While our initial modelling procedures involved an ordinary logistic regression model, we looked at a number of procedures to correct for the impact of clustering [Reference Schukken19, Reference Dohoo, Martin and Stryhn21]. We employed the following two techniques that adjusted the variance estimates but not the coefficient estimates themselves: robust variance estimates based on Huber–White/sandwich variance estimates that are less sensitive to the assumption of independence; and robust variance estimates with a ‘cluster’ option that specifies that observations are independent across groups (i.e. cluster) but not necessarily within groups [Reference Dohoo, Martin and Stryhn21]. The following models adjusted both the coefficient estimates and the variances: a weighted logistic regression model where a weight was applied to each observation that was the inverse of the number of cases within an outbreak or one if the case was sporadic; GEE with an exchangeable correlation structure; and random intercept models using various algorithms [Reference Dohoo, Martin and Stryhn21]. Random intercept models were performed/attempted using: various combinations of predictive quasi-likelihood (PQL) or marginal quasi-likelihood (MQL), and first- or second-order derivatives of the Taylor series expansion for linearization prior to the use of re-weighted iterative generalized least squares (RIGLS); the Monte Carlo Markov Chain (MCMC) method; and generalized linear latent and mixed models (GLLAMM) [Reference Goldstein20, Reference Skrondal and Rabe-Hesketh23]. In addition, we controlled for clustering prior to building a logistic model by randomly selecting one case from each outbreak. This procedure was performed five times to determine whether the coefficients calculated for each variable were relatively stable among iterations.

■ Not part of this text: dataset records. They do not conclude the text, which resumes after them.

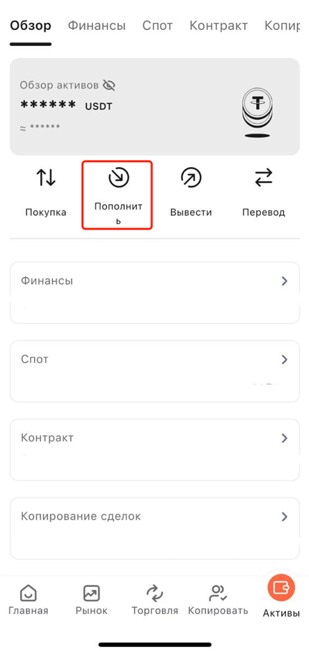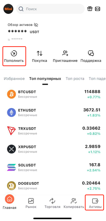 1. Откройте главную страницу приложения и нажмите "Пополнить баланс" или "Активы".
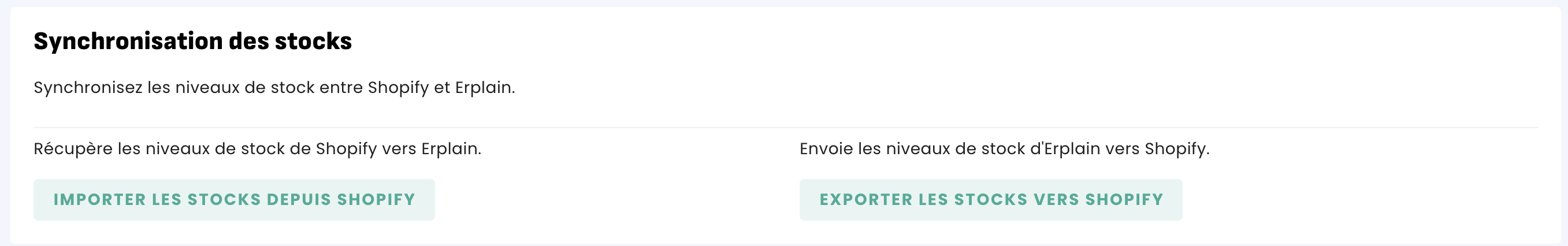 Cet article vous explique la démarche à faire (en deux étapes) si votre stock est différent entre Erplain et Shopify. Des informations supplémentaires ainsi que des détails sur la synchronisation des produits avec Shopify sont disponibles sur cette page.
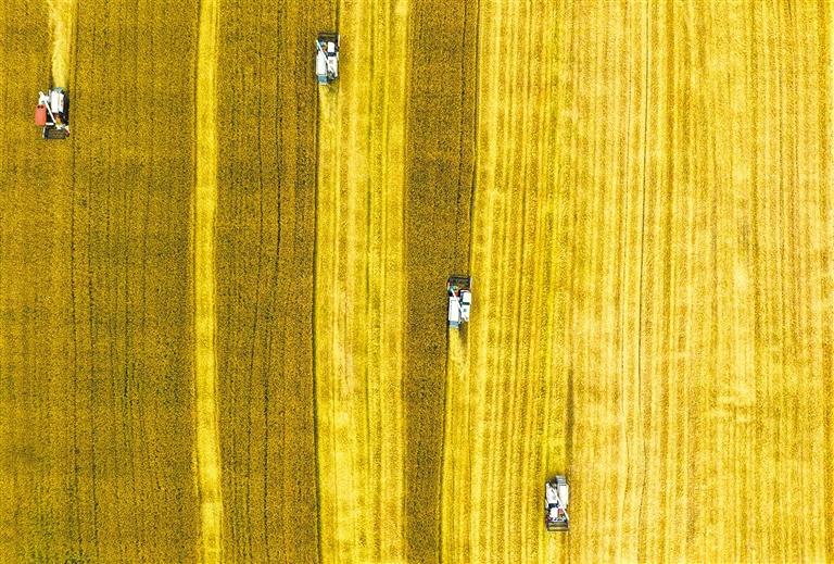 5月30日,农民驾驶农机在江苏省泰州市姜堰区顾高镇塘桥村田间收割小麦。眼下,泰州市255万亩小麦陆续进入收割期,当地农民抢抓晴好天气忙收割。
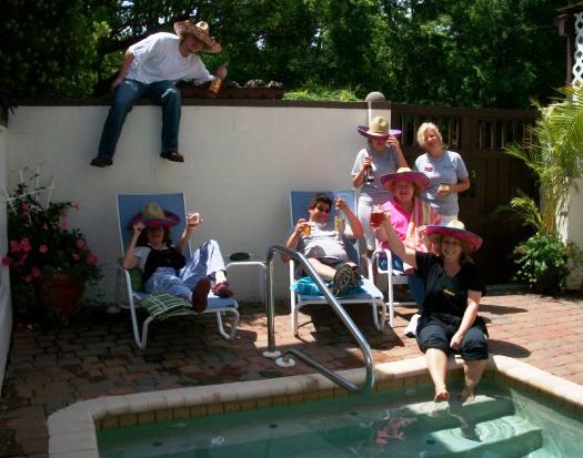 1st picture L-R: Mike (sitting on the wall), Ellie, Patrick, Anna & Bozena (standing), Max, Carolee (dangling her legs in the pool).
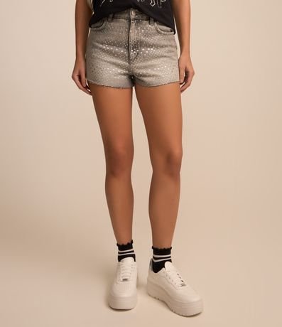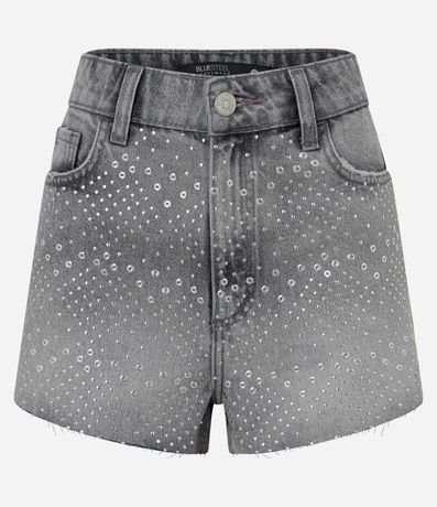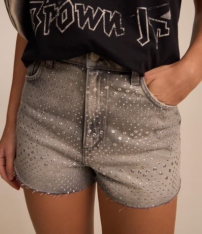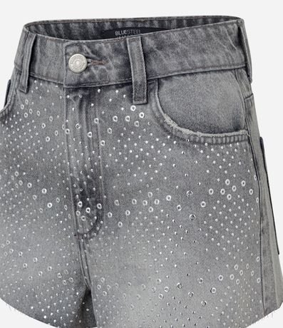 Short Cintura Alta em Jeans com Ilhós Aplicados
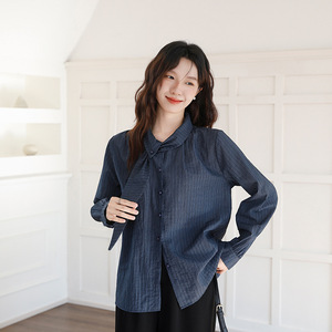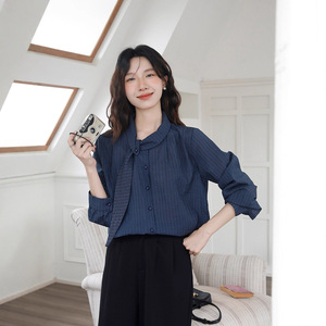 实拍 秋季法式竖条纹长袖衬衫宽松气质百搭飘带小众别致衬衣上衣
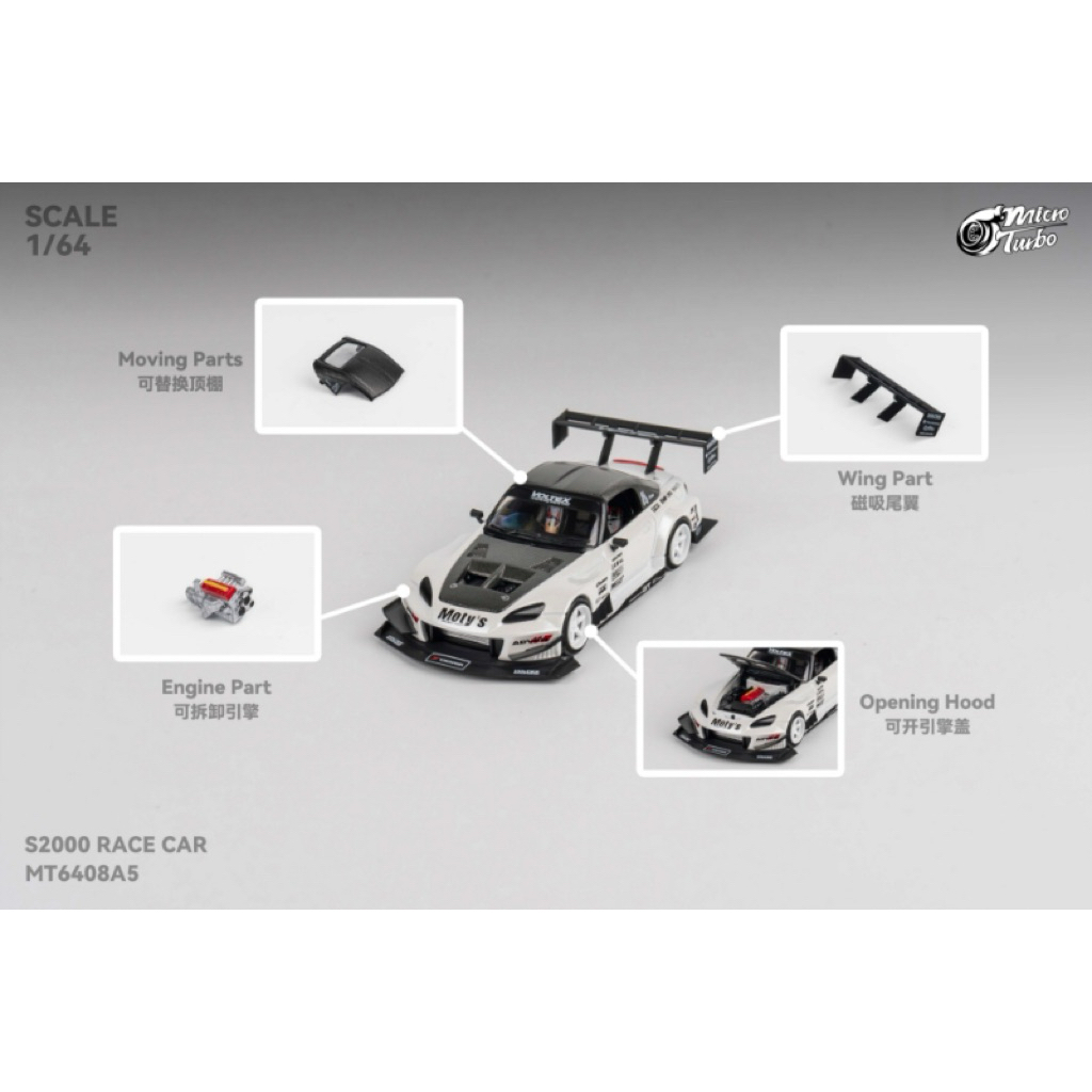MicroTurbo 1/64 Honda S2000 Race Car - Metalic White
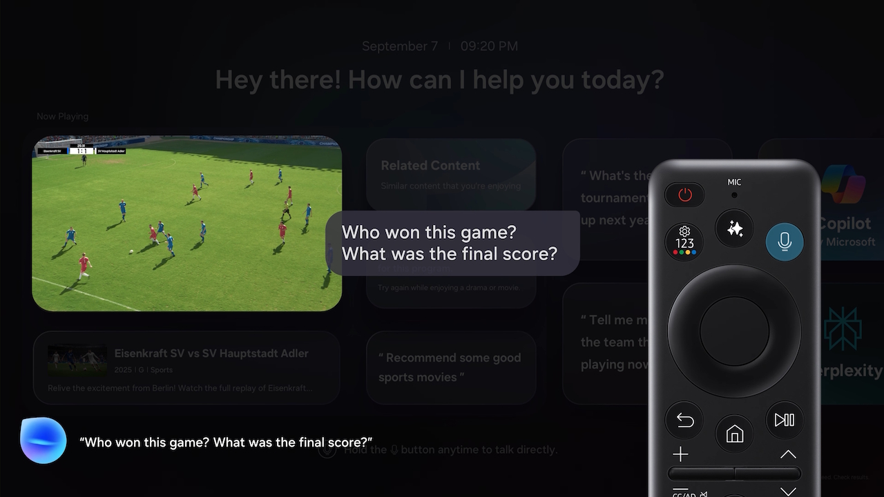 Impulsado por un modelo de inteligencia artificial múltiple que incluye Microsoft Copilot y Perplexity, ofrece respuestas visuales contextuales directamente en la pantalla, con el objetivo de hacer del televisor un dispositivo más central y útil para toda la familia.

Residual analyses were performed for the ordinary logistic regression model and the random effects model produced using RIGLS, PQL, and first-order derivatives of the Taylor series expansion. Residuals were inspected for extreme standardized residuals, high leverage, and high influence. All statistical analyses were performed using Intercooled Stata 8.0 for Windows (Stata Corp., College Station, TX, USA) except for the random effects models involving quasi-likelihood or MCMC methods which were performed using MLwiN 2.02 (Institute of Education, London, UK). The weights for the weighted logistic regression were applied using an ‘iweight’ option. The weights were applied to the likelihood function in a manner similar to those used to adjust for different probabilities of being sampled [24].
RESULTS
Based on univariable statistics the following variables had a statistically significant association with the dependent variable (i.e. outbreak/sporadic): age, outbreak cluster, case year, mode and site of transmission (Table 1). The correlations among all the independent variables used in our study never exceeded 0·8. Age was log transformed (natural log) since it did not have a linear relationship with the outcome based on a log odds plot.
For categorical variables, the number of cases and their relative proportions (in parentheses) are indicated. In the case of continuous variables (i.e. age), the mean and standard deviation (in parentheses) are indicated. t tests and χ2 statistics were used for continuous and categorical variables, respectively.
Within the ordinary logistic regression model the following variables were not statistically significant based on a likelihood ratio test (χ2=11·81, d.f.=11, P=0·38) and were removed from the full model: sex, hospitalization, case year, temporal cluster, and site of transmission. These terms did not have a confounding effect on the remaining significant variables. A square term for the log of age in years (χ2=3·13, d.f.=1, P=0·077), and interaction terms among age and sex (χ2=0·02; d.f.=1; P=0·90), age and mode of transmission (χ2=3·54, d.f.=4, P=0·47), sex and mode of transmission (χ2=3·23, d.f.=4, P=0·52), age and site of transmission (χ2=4·13, d.f.=5, P=0·53), and sex and site of transmission (χ2=6·47, d.f.=5, P=0·26) were also statistically non-significant when added to the full ordinary logistic regression model. The model-building process for the various logistic models designed to control for clustering resulted in models with the same fixed effects.
The final main effects models included the following variables: log of age in years, outbreak cluster, and mode of transmission (Table 2). The Hosmer–Lemeshow goodness-of-fit test for the ordinary logistic regression model was non-significant (Hosmer–Lemeshow χ2=5·20, d.f.=10, P=0·74) indicating that the binary model was appropriate. The direction of odds ratios for all the variables was the same among all the models (Table 2). The confidence intervals were generally larger for all models using methods designed to account for clustering (Table 2). However, applying the robust option to relax the assumption of independence among observations often resulted in narrower confidence intervals (Table 2) than those produced by our ordinary logistic regression model. Among methods designed to adjust the odds ratios and variance estimates, the random effects model employing PQL and the weighted regression model had almost identical odds ratios and 95% confidence intervals (Table 2). The odds ratios estimated using MQL were closer to the null among the statistically significant coefficients. The direction of odds ratios for significant variables was similar among the five models (Random 1–5) where a single case was randomly selected from each outbreak, although there was some variation in the point estimates and confidence intervals (Table 2). The model using GEE with an exchangeable correlation structure failed to converge. Estimates obtained using GLLAMM and MCMC methods when converted to an odds scale were several orders of magnitude greater or smaller, depending on the direction of the association, from those obtained using the other methods.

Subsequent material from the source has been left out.